Small data pipeline project to stream tweets relating to three selected German politicians, analyze their underlying sentiments and display results as scores in a Streamlit front-end. For final output see https://tweetrace.herokuapp.com/
- Twitter credentials to access API - see https://developer.twitter.com/en/apply-for-access
- Access to a PostgreSQL database (e.g. on AWS or locally hosted)
- tweepy - to access the Twitter API -
pip install tweepy - sqlalchemy - to access the SQL database -
pip install sqlalchemy - pandas - for data wrangling -
pip install pandas - transformers - to load BERT model for sentiment analysis -
pip install transformers - torch - to use BERT model for predictions - see https://pytorch.org/
- streamlit - to create the front-end -
pip install streamlit - matplotlib - to use for data visualization -
pip install matplotlib - plotly - to use for interactive data visualization -
pip install plotly
These files contain the connection details to access the Twitter API and the PostgreSQL database
Connects to the Twitter API and creates a Stream object to filter tweets in realtime. The filtered tweets are stored in a temporary table in the database. Retweets are ignored.
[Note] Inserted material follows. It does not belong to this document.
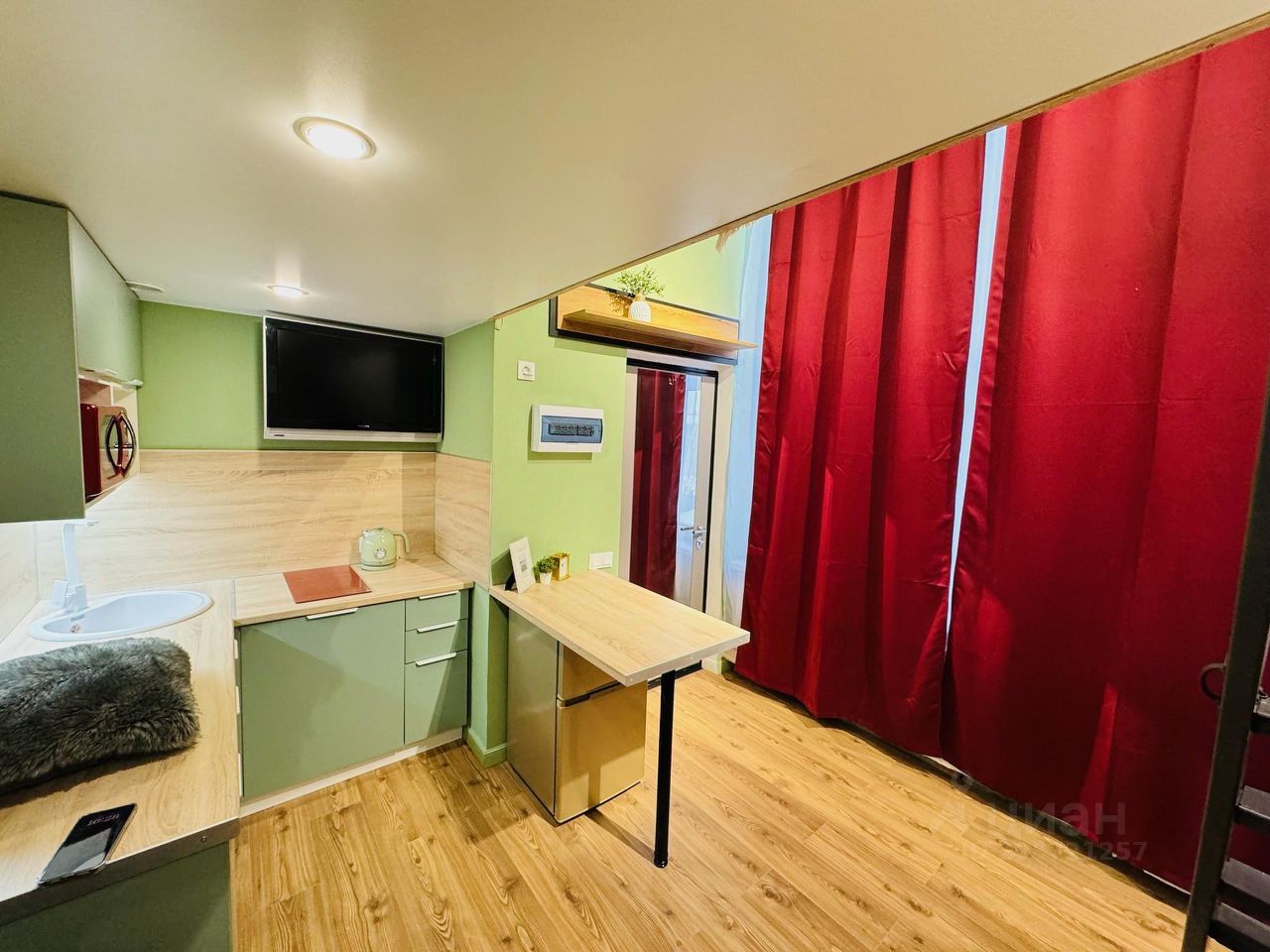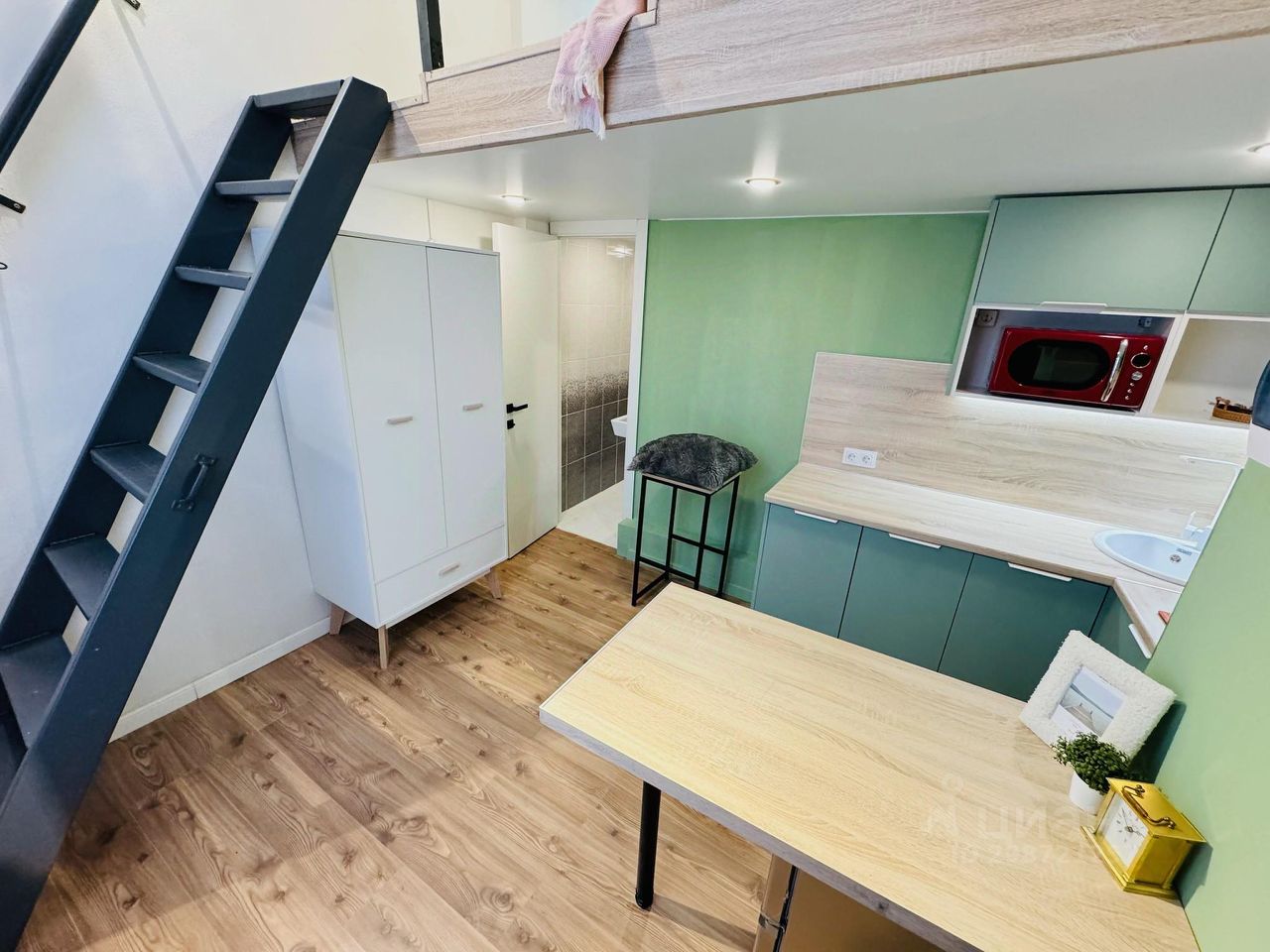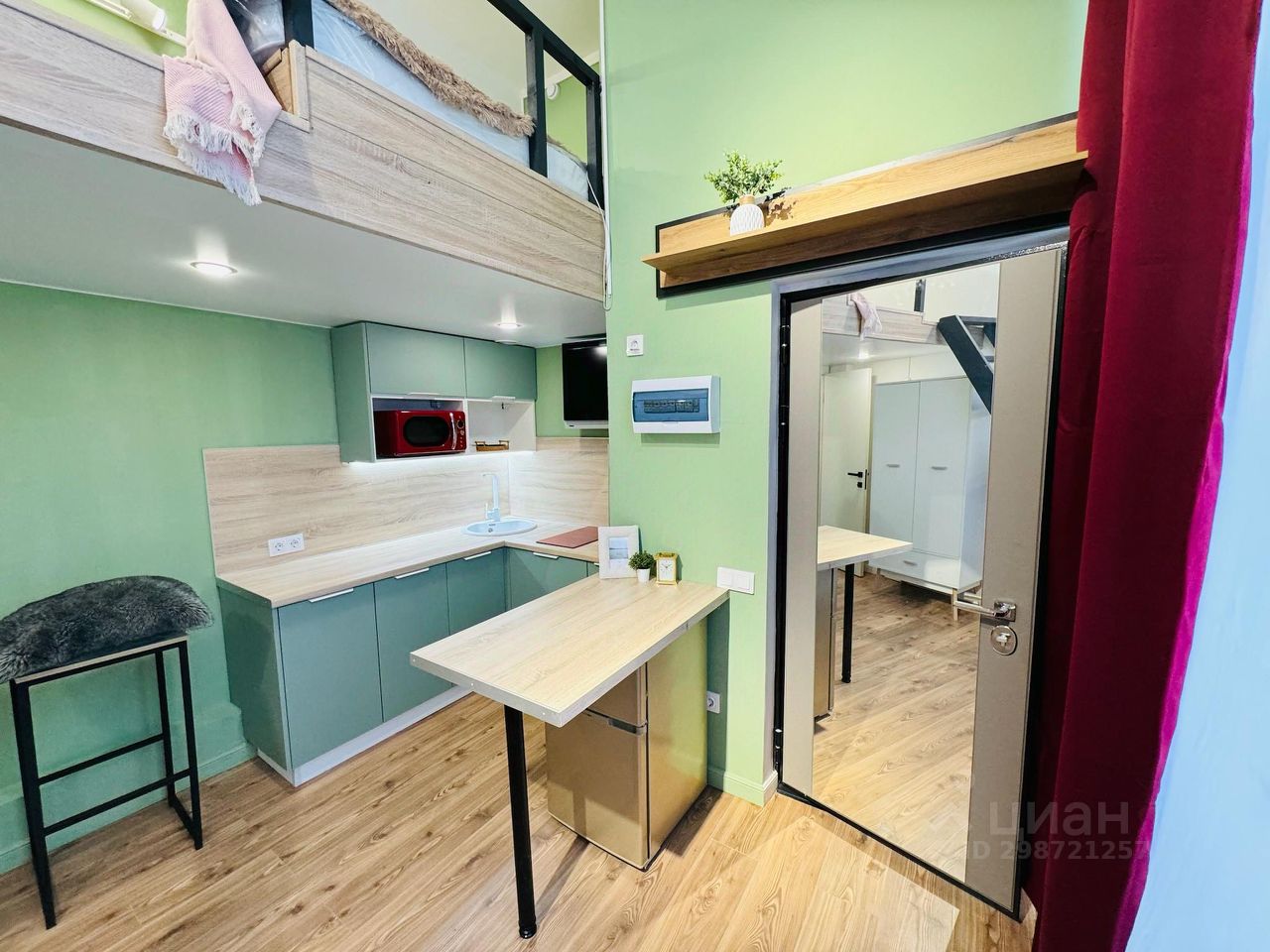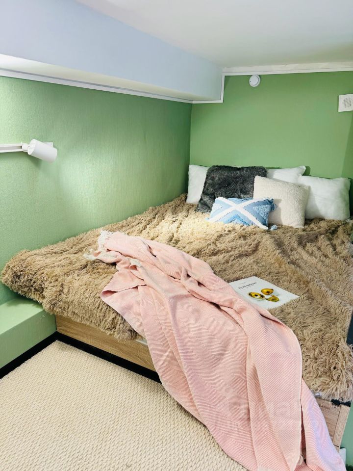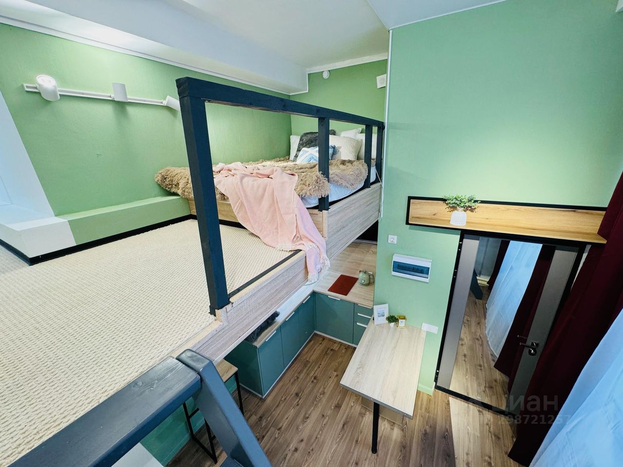 О самом лофте: имеет два этажа (12,9+10) и панорамное окно, оборудован всем необходимым: кухня с холодильником, плитой, микроволновкой, чайником. Стиральная машина, много мест для хранения, мини-гардеробная на 2 этаже. Двуспальная кровать, подходит для размещения двух человек. Вся техника новая, на гарантии.

The stream.filter method of the Stream object can be adjusted, e.g. to track a different set of words, names etc. or filter tweets in a different language than German.
See Tweepy documentation for further information on parameters https://docs.tweepy.org/en/latest/stream.html
Loads a fine-tuned BERT model to process tweets and derive their underlying sentiments. Returns +1 for as positive, -1 for a negative and 0 for a neutral sentiment.
The model is based on a already fine-tuned BERT model from the Transformers Library (https://huggingface.co/oliverguhr/german-sentiment-bert) that was further trained with labeled tweets and is saved locally. To enable the code to work without the local copy the path to the locally saved model was replaced by the path to the original model from the Transformers Library.
The processed tweets are stored with their respective score in a different table of the database. Afterwards the raw tweets are deleted from the temporary table.
Calculates the daily mean of the sentiment score and the daily count of collected tweets per politician name. The results are displayed in an interactive Plotly graph. Configures a Streamlit front-end and embeds the Plotly graph as well as text for Explanation and References.
In order to run the Streamlit front-end enter streamlit run streamlit_app.py in the terminal.